The pessimistic spirit of Charlie Kaufman lives in Decorado's cute animated mouse
A cartoon for the depressed and unemployed that evokes sweetness and existential absurdity alike.
Photo: GKIDS
A silly duck dressed as a sailor, a couple of cute mice, and a community assembled from their assorted forest friends sounds like something so cloyingly Disney that even the House Of Mouse might balk at the scenario as one courting caricature. But in 2026, the fantasy has cracked. Cinderella Castle is in disrepair; unemployment is spiking in Richard Scarry’s Busytown. In Alberto Vázquez’s Decorado, the silly duck is a strung-out ex-star, the mice are watching their marriage collapse, and the community seems like it’s hiding a dark secret behind their smiling faces. This paranoid and dystopian vision of life under capitalism is grim but funny—surreally cartoonish yet filled with sarcastic adult ennui, like Tamala 2010: A Punk Cat In Space punctuated by a dose of Happy Tree Friends‘ goofy gore, eventually approaching something fearful and self-referential enough to evoke the existential absurdity of Charlie Kaufman.
If that sounds like a tough tonal tightrope to walk, be reassured that this isn’t the first high-wire act for the Spanish director and comic artist.
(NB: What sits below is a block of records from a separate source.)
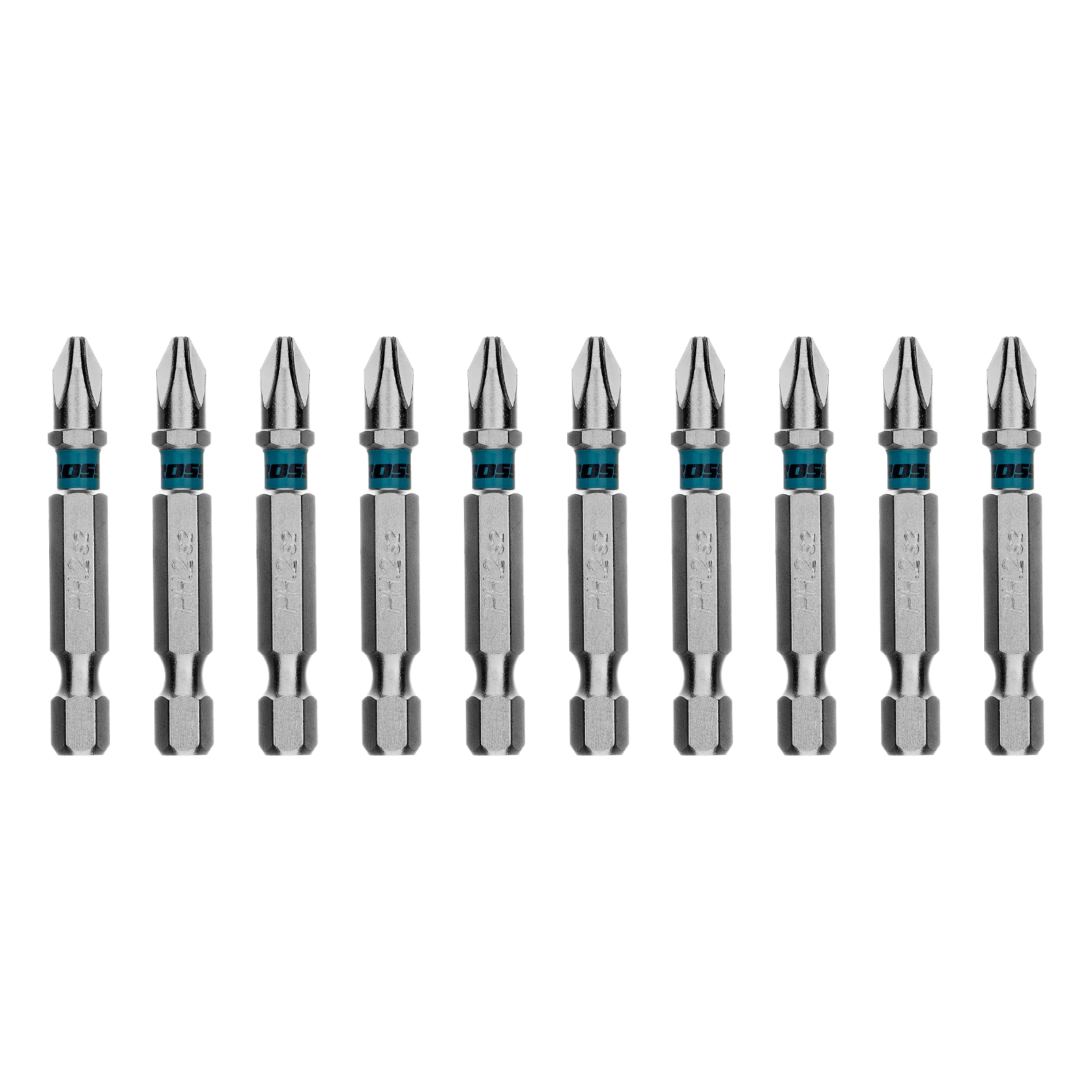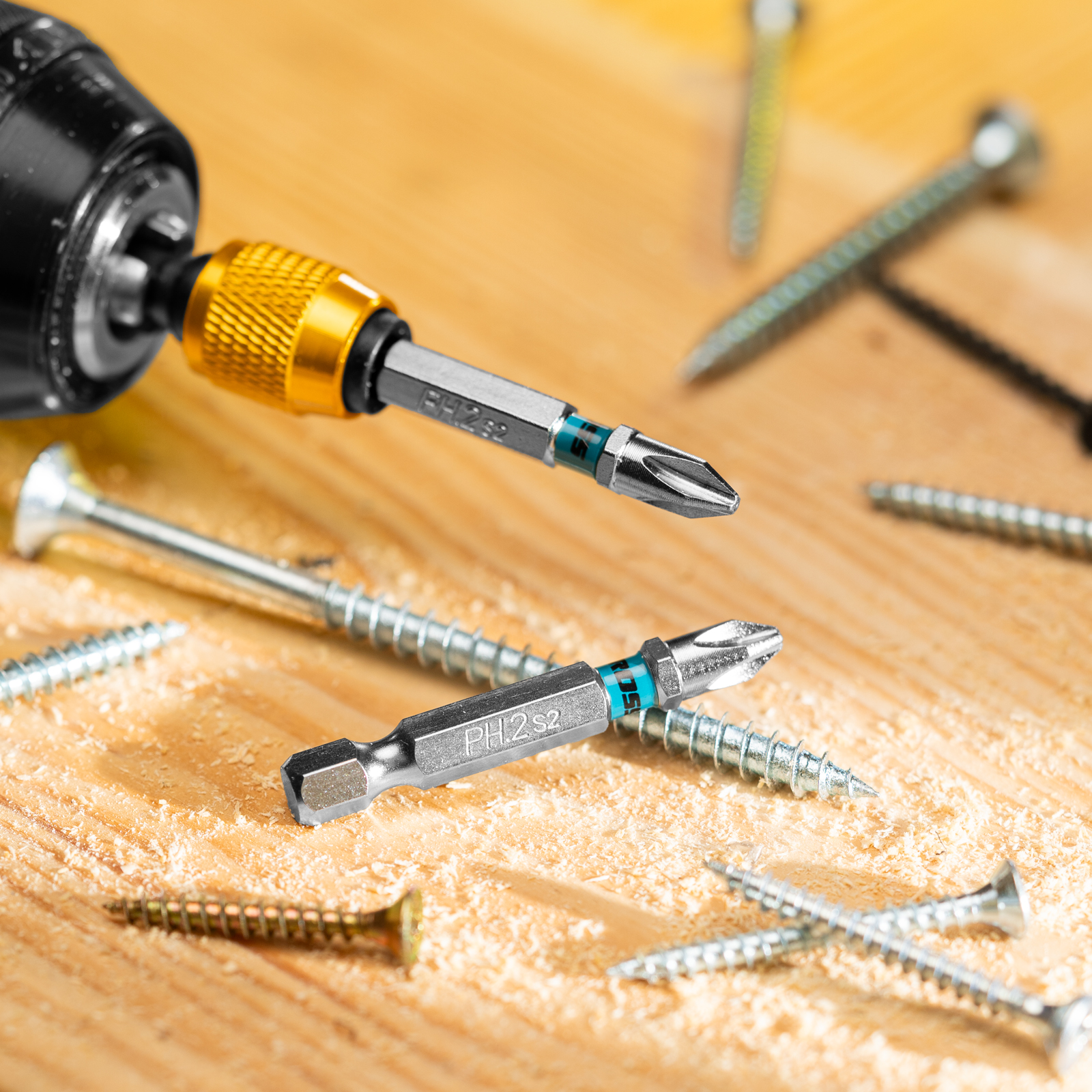 - Высокий показатель прочности — биты выполнены из японской легированной стали S2, рабочие части закалены до твердости 62 HRC.
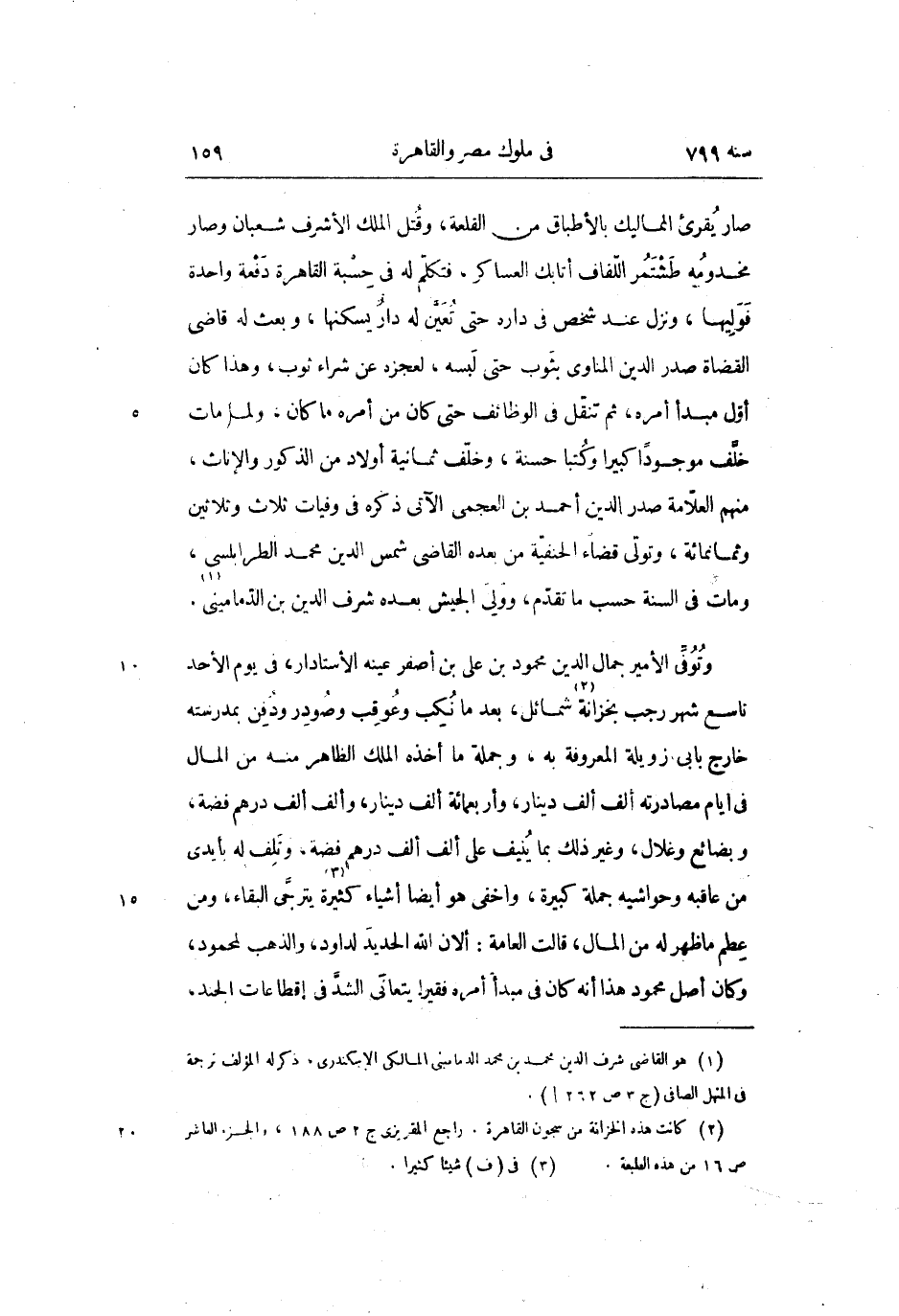 وتوفّى الأمير جمال الدين محمود بن على بن أصفر عينه الأستادار، فى يوم الأحد تاسع شهر رجب بخزانة «2» شمائل، بعد ما نكب وعوقب وصودر ودفن بمدرسته خارج بابى زويلة المعروفة به، وجملة ما أخذه الملك الظاهر منه من المال فى ايام مصادرته ألف ألف دينار، وأربعمائة ألف دينار، وألف ألف درهم فضة، وبضائع وغلال، وغير ذلك بما ينيف على ألف ألف درهم فضة، وتلف له بأيدى من عاقبه وحواشيه جملة كبيرة، واخفى هو أيضا أشياء كثيرة «3» يترجّى البقاء، ومن عطم ما ظهر له من المال، قالت العامة: ألان الله الحديد لداود، والذهب لمحمود، وكان أصل محمود هذا أنه كان فى مبدأ أمره فقيرا يتعانى الشدّ فى إقطاعات الجند،
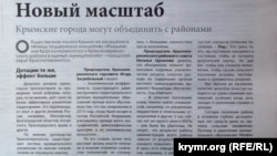 «Крымская газета» в материале «Новый масштаб» пишет о планируемой муниципальной реформе по объединению крымских городов с районами. Уже в ближайший год Красноперекопский район и город Красноперекопск могут объединиться в единый городской округ с сокращением административного аппарата. «Понимая необходимость этого, районные и городские депутаты на общей сессии единогласно поддержали создание единого муниципалитета. И хотя процесс объединения может занять около года, Общественная палата Крыма (подконтрольная России – КР) оценит такую инициативу депутатов и ее перспективы для жителей региона. Если реформа местного управления таким образом будет проведена, то уже в сентябре 2019 года на выборах жители будут выбирать власть для нового муниципалитета», – пишет газета.
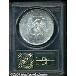 <table><tr><td><table><tr><td>1877-S T$1 MS64 PCGS. Medium gray patina with some gold undertones covers virtually mark-free surfaces. <BR><BR><B>Important notice:</B> Heritage usually auctions material at the rate of 200-250 lots per hour. On some occasions eBay Live bid software or the Internet may not be able to keep up with the pace of the auction. We recommend placing a realistic absentee bid now as insurance to avoid disappointment. Occasionally the auctioneer may eliminate or reject an eBay Live bid, and the auctioneer may also reopen a lot after the close of the eBay live bidding (usually because we missed an audience bid), and may reject your bid even if it shows you as the winning bidder. By bidding via eBay Live, you agree that Heritage may award the lot to another bidder at its sole discretion under the circumstances described above or any other reasonable circumstances. Since eBay bids are not shown to us until we open the lot on the floor, we treat those bids just like floor bids. In most cases the floor responds before the eBay bid is presented to us, due to Internet lag time, so for consistency we have made it a policy that floor bids are always considered first over tie eBay live bids. Also please note that all Heritage lots purchased through eBay Live carry a 20% Buyer's Premium. Please make sure you read the Terms and Conditions before you bid. <BR><BR><B>IMPORTANT ANNOUNCEMENT ABOUT RESERVES:</B> Heritage now divulges all reserves on its web site 7 days before every auction. If you want to know whether the reserve on this lot has been met, and if not, what the reserve amount is, please visit this lot page on the HeritageCoin.com web site, or email: bid@HeritageGalleries.com </span></font></td></tr></table></td></tr></table>
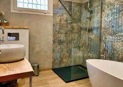 Badkamer 2 met douche, ligbad, lavabo, toilet
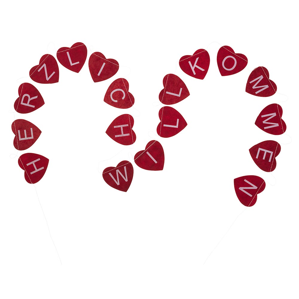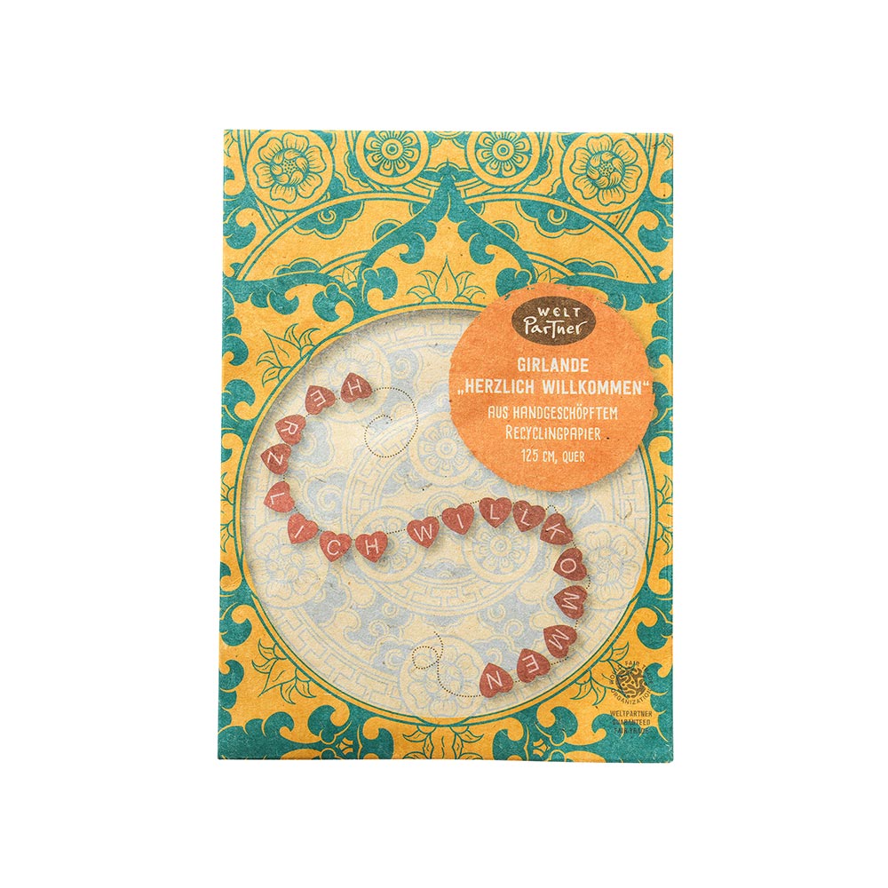 NE4-45-047 Girlande, "Herzlich Willkommen", Schrift in Herzen, handgeschöpftes Recyclingpapier, L125
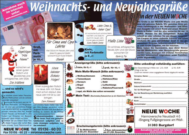 Überraschen Sie ihn doch, statt der üblichen Weihnachts- und Neujahrskarten, mit einer ganz persönlichen Anzeige in der NEUEN WOCHE! So vergessen Sie garantiert niemanden. Denn Ihre Anzeige erreicht Freunde und Verwandte in allen Dörfern und Ortsteilen von Burgdorf, Burgwedel, Lehrte, Sehnde und Uetze. Schreiben Sie uns einfach Ihren Text in die Textzeilen und wählen Sie Ihren Motivwunsch aus.
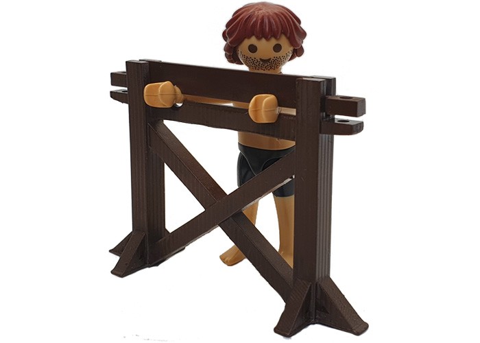 El cepo está realizado en impresión 3D, como pieza compatible con Playmobil y posteriormente pintado en color marrón.
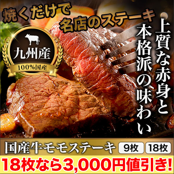 【セール限定価格】おいしい「国産牛モモステーキ」9枚(約900g)/18枚(約1.8kg)
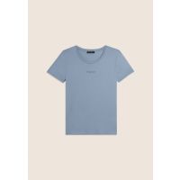 T-Shirt mit kurzen Ärmeln und regulärer Passform und Länge, gekennzeichnet durch einen abgerundeten Saum an den Seiten. Rundhalsausschnitt und kurze Ärmel mit einem eleganten Cut-Out-Detail, umrandet von Strass. Das FREDDY-Logo, gefertigt aus Strass in passendem Farbton, befindet sich unter dem Ausschnitt und verleiht dem Kleidungsstück Glanz. Der Jersey-Stoff aus Baumwolle und Modal bietet Weichheit, Atmungsaktivität und eine glatte, leichte Textur, ideal für einen frischen und eleganten Look.
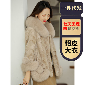 2020冬装新款 整皮海宁兔毛皮草女款外套狐狸毛领...
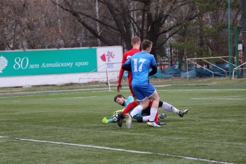 Начало второго тайма также прошло под знаком превосходства «Алтая». В одной из атака барнаульцев новосибирцы уронили в своей штрафной площади Романа Сычёва. И футболист, заявлявшийся одно время за профессиональную команду барнаульского «Динамо», сам же уверенно реализовал пенальти.
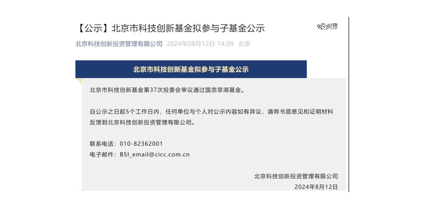 投資界-解碼LP獲悉,近日,北京科技創(chuàng)新投資管理有限公司發(fā)布公告,公示了北京市科技創(chuàng)新基金擬參與子基金,審議通過國鼎翠湖...
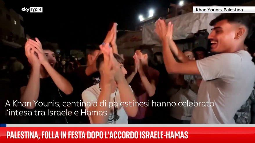 A Khan Younis, centinaia di palestinesi hanno celebrato l’intesa tra Israele e Hamas, primo passo del piano di pace promosso dal presidente USA Donald Trump per porre fine alla guerra di Gaza. Le persone si sono radunate vicino all’ospedale Nasser, applaudendo e cantando dopo due anni di conflitto. L’accordo, mediato in Egitto, prevede un cessate il fuoco e lo scambio di ostaggi.
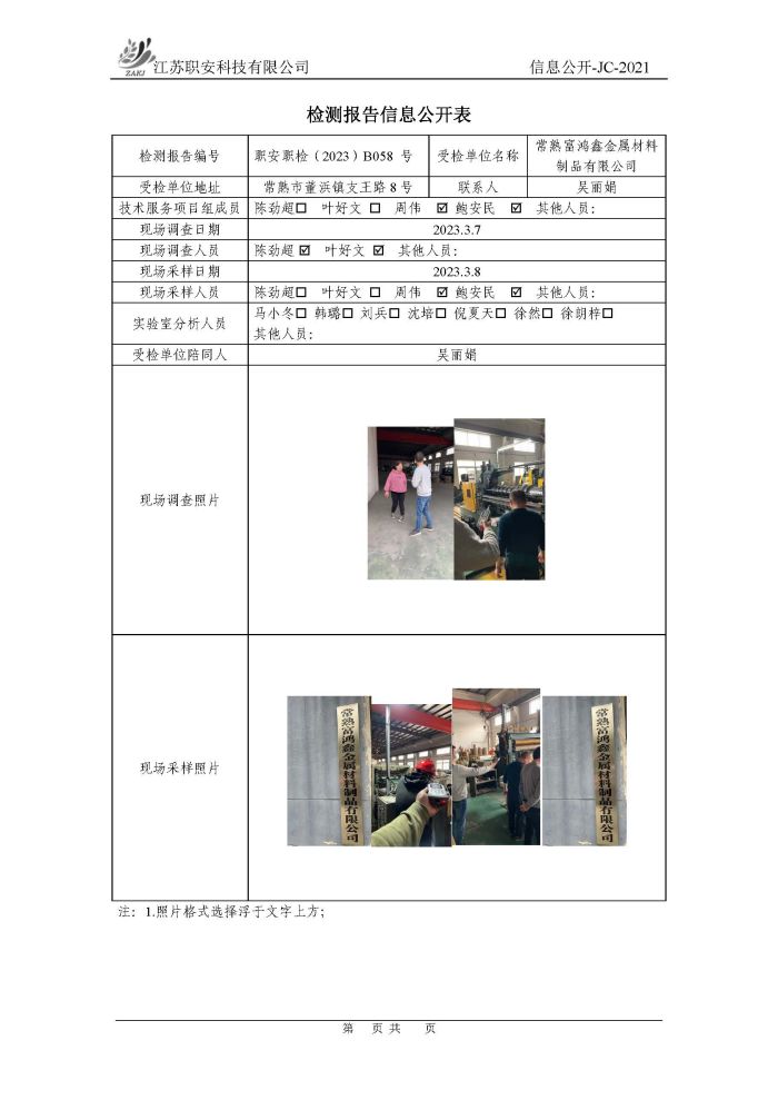 檢測報告公示

Vázquez tackled militarized fascism with his bright yet bleak UnicornWars a few years ago, and now teams up with co-writer F. Xavier Manuel Ruiz to adapt his own short film. Where Unicorn Wars approached Vázquez’s cuddly strain of misanthropy through the language of war movies and political strongmen (and teddy bears), Decorado asks more existential questions using headier cinematic touchstones and a less candy-coated palette. The chubby and jobless white mouse Arnold (Asier Hormaza), always in his bathrobe, doesn’t just get on the nerves of his long-suffering cartoonist wife Maria (Aintzane Gamiz), but eventually fully breaks down, suffering from a Silly Symphony version of Truman Show delusion.